Type projection proposal

projection-proposal.md

NOTE: This is a sketch of the proposal, many details need to be filled out and the scheme hasn't been implemented yet.

G |- T <: S
--------------------
G |- T#L <: S#L

------------------------------
G |- {L: X..Y, ...}#L <: Y

------------------------------
G |- Y <: {L: X..Y, ...}#L

The original motivation for these rules is that given this:

trait C {
  type Elem <: AnyRef
}
trait D extends C {
  type Elem = String
}

In dotty we currently have:

String <:< D#Elem
D#Elem <:< C#Elem

but we don't have:

String <:< C#Elem

but this is incoherent if we assume transitivity as we do in DOT. With my scheme we have:

C#Elem =:= AnyRef
D#Elem =:= String

so we don't have any issue with transitivity. In this scheme, the intuitive interpretation of C#Elem is "The set of all types that can be passed as a parameter to a method accepting a parameter Elem in all possible subclasses of C".

The secondary motivation for this scheme is that it simplifies the implementation of type-lambdas in Dotty, from https://gist.github.com/odersky/92a0c9bcbdb8ff39c93d :

 1. `$Apply` refinements are covariant. If `T <: U` then

        S { type $Apply = T }  <:  S { type $Apply = U }

    This subtyping relationship does not hold for ordinary type refinements.
    It would hold for upper bound refinements, of course. But we cannot
    model `$Apply` refinements as upper bound refinements because that would
    lose beta reduction.

$Apply is a covariant type alias, I believe that this is unsound, though I haven't been able to prove it, but with my scheme we could simply write:

S { type $Apply <: U }

and beta-reduction still works.

I explored a system that included these subtyping rules in http://adriaanm.github.io/files/scalina-final.pdf (See Fig 8: ST_ABS_UPPER, ST_ABS_LOWER). It also tracked variance for type members through their kinds. I know this does not coincide with the DOT vision, but couldn't resist commenting from the peanut gallery :-)

I explored a system that included these subtyping rules

Hi @adriaanm!
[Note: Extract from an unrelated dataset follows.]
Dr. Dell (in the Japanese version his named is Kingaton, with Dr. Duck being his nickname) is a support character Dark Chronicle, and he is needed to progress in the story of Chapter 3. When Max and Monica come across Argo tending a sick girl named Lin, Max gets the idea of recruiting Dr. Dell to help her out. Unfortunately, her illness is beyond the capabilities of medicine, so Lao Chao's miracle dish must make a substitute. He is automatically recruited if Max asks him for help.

I'll be sure to take a closer look at Scalina, however the rules you describe seem different from what I propose: in my system, T#L is both a subtype and a supertype of the upper bound of the abstract type L, I believe that this simplify the type system, and has no significant impact on practical uses of type projections.
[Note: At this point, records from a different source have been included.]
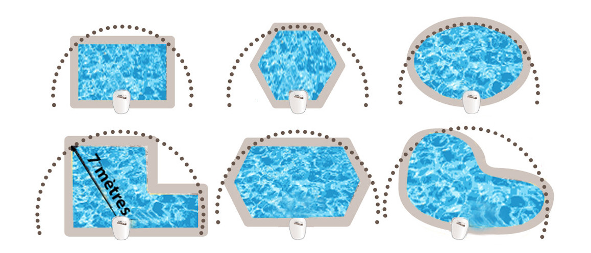 La détection dans la piscine est optimum dans un rayon de 7 mètres autour du capteur, au-delà il convient d'équiper le bassin d'un ou plusieurs détecteurs d'immersion supplémentaires.
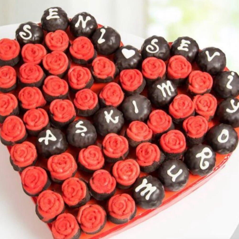 kırmızı gül kek - 35 adet siyah kakolu silimdir kek - 19 adet
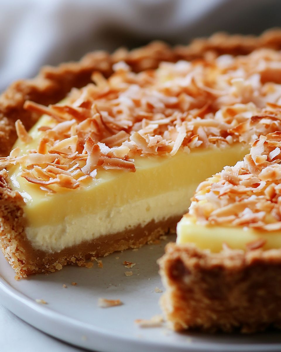 This coconut cream tart pairs beautifully with a dollop of freshly whipped cream or a scoop of vanilla ice cream. For a bit of contrast, you might serve it alongside a tart fruit compote, such as raspberry or passion fruit, which complements the sweetness of the coconut. A hot cup of coffee or a refreshing iced tea can round out the experience, making it a perfect ending to a hearty meal.
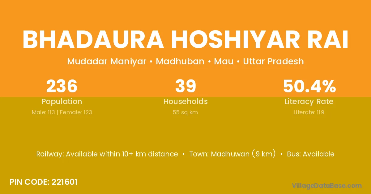 Madhuwan (9 km) is the nearest town to Bhadaura Hoshiyar Rai village for major economic activities and is located approximately 9 km away.
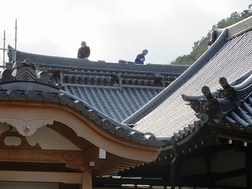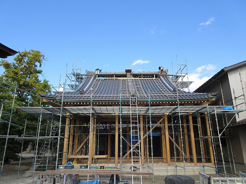 手前右にみえるのは平成3年に工事した本堂(弊社施工)20年以上たちますがほとんど異常がみられませんでした。
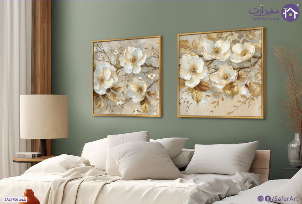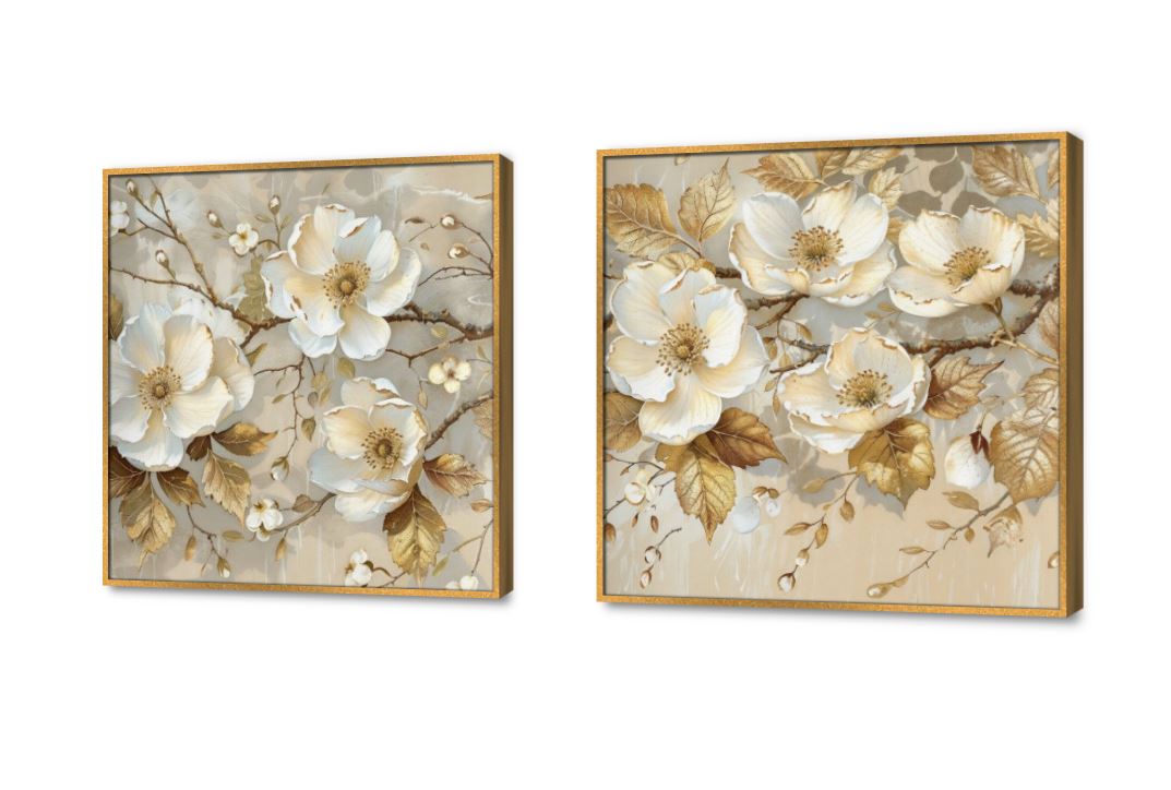 تابلوه مودرن من قطعتين لمجموعة ورود بيضاء صغيرة على خلفية باللون الذهبي إضافة للفخامة والأناقة لديكور منزلك>, متوفر بمقاسات متعددة يمكنك اختيار او تغيير المقاس عند الطلب ,بتصميم مميز لـ تابلوهات مودرن, تابلوهات مودرن , لوحات فنية مودرن ورود - زهور - نباتات , التابلوه يغلب عليه الالوان ابيض - اوف وايت, فضى – ذهبى , و مصمم بالشكل التالى 2 قطعه, متعدد القطع ( اى عدد ) , بالعرض, ببرواز, برواز ذهبى, مستطيل , مناسب لديكور حوائط غرفة الاستقبال, غرفة المعيشة, غرفة النوم, مدخل المنزل, مكاتب – شركات - اعمال , و هو يتميز بالسمات التالية : الوان زيتية - اكريليك, بسيط و هادئ, لوحات فنية, مودرن , متوفر الان فى مصر و يأتى جاهز للتركيب مع دليل التركيب و اكسسوارات التركيب اللازمه

@smarter -- in your proposal, how would you prevent the compiler from accepting id1 implemented as the identity function:

object hk extends App {
  def id1[M1[_], M2[_]](x: M1[Any]): M2[Any] = ??? // x
  type M1[T] = Any
  type M2[T] = Nothing
  def id2(x: Any): Nothing = id1[M1,M2](x)
}

It seems to me that we need to use the lower bound of M2[Any] (Nothing) to prevent casting from an arbitrary M1[Any] to M2[Any] or am I missing something?